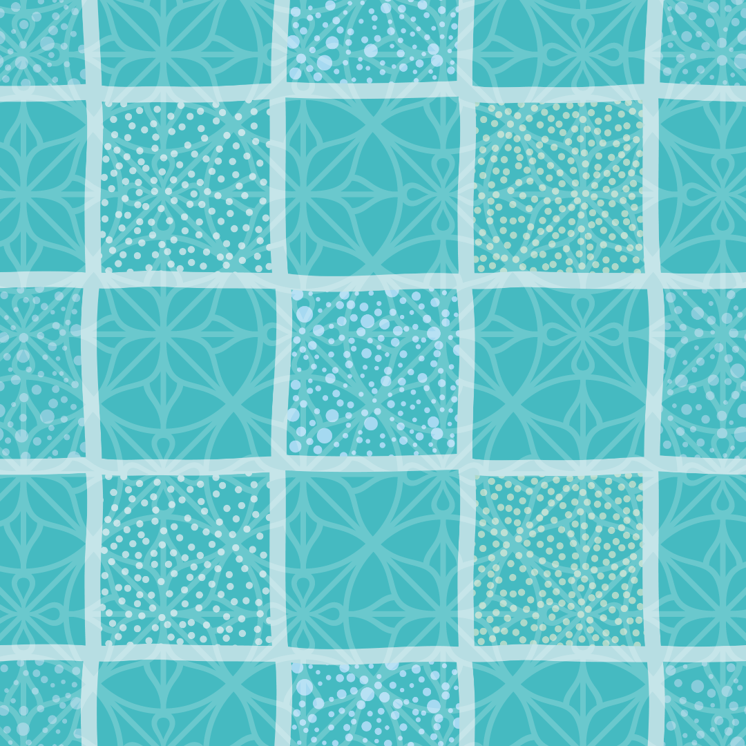 Blue and green doodle checkered vector repeat pattern with polka dot design.
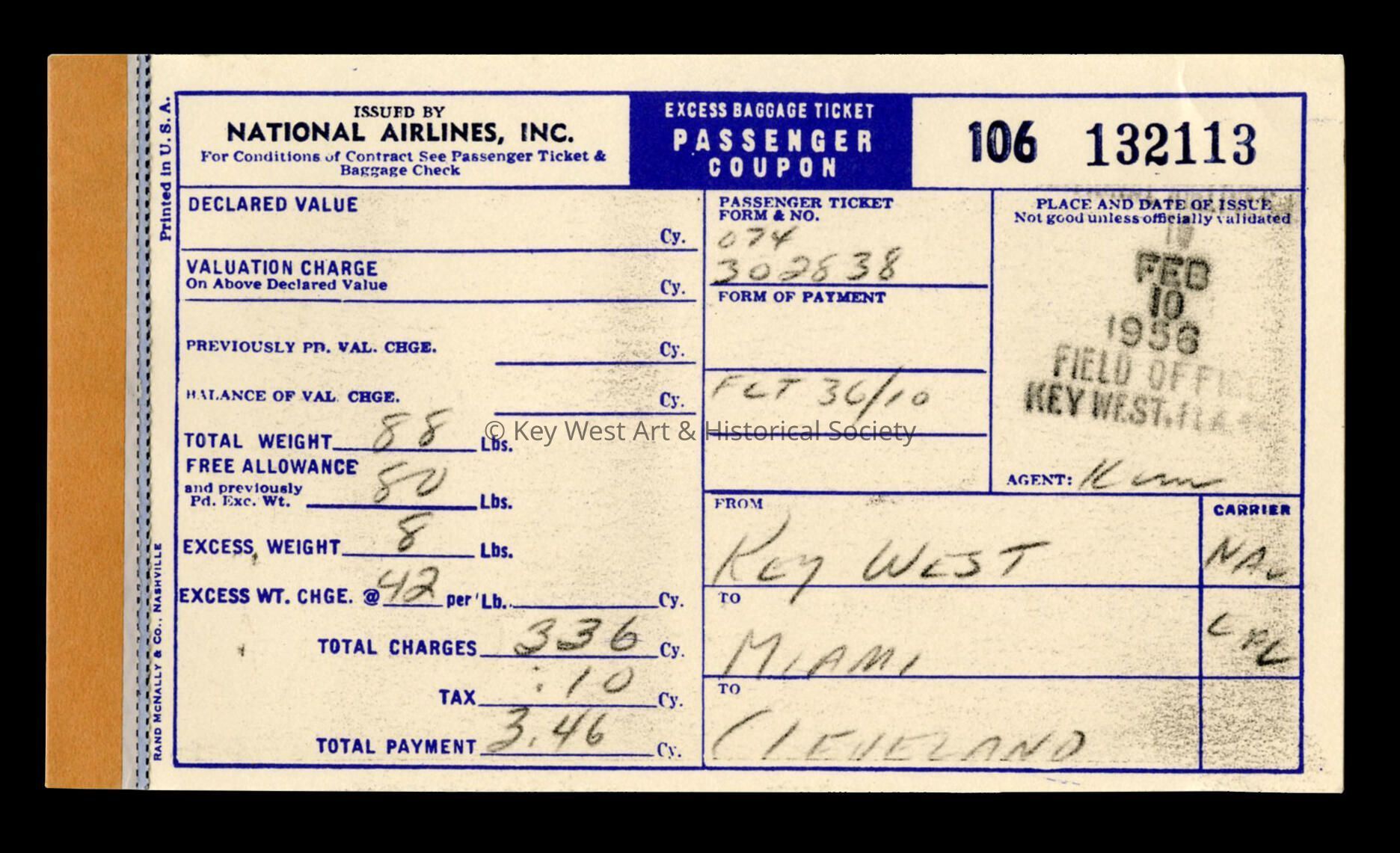 Eastern Air Lines (National Airlines, Inc.) excess baggage ticket passenger coupon issued to Mr. and Mrs. Dick Steigerwald (Richard and Joan) who spent their honeymoon in Key West from January 29 to February 8, 1956.Collection
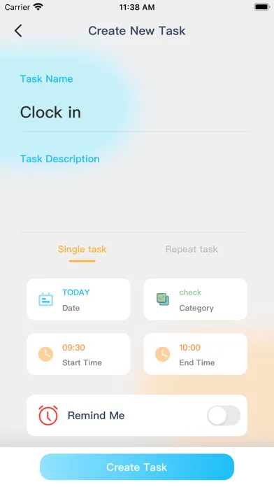 Set reminders for task start times, sync and restore data, switch themes, create new categories, community exchanges and feedback, and more.

◆ **TASK TO COMPLETE**
An exact repetition of the listing is needed, with the pictures dropped.

◆ **PROBLEM SOLUTION**
 Blue and green doodle checkered vector repeat pattern with polka dot design.
 Eastern Air Lines (National Airlines, Inc.) excess baggage ticket passenger coupon issued to Mr. and Mrs. Dick Steigerwald (Richard and Joan) who spent their honeymoon in Key West from January 29 to February 8, 1956.Collection
 Set reminders for task start times, sync and restore data, switch themes, create new categories, community exchanges and feedback, and more.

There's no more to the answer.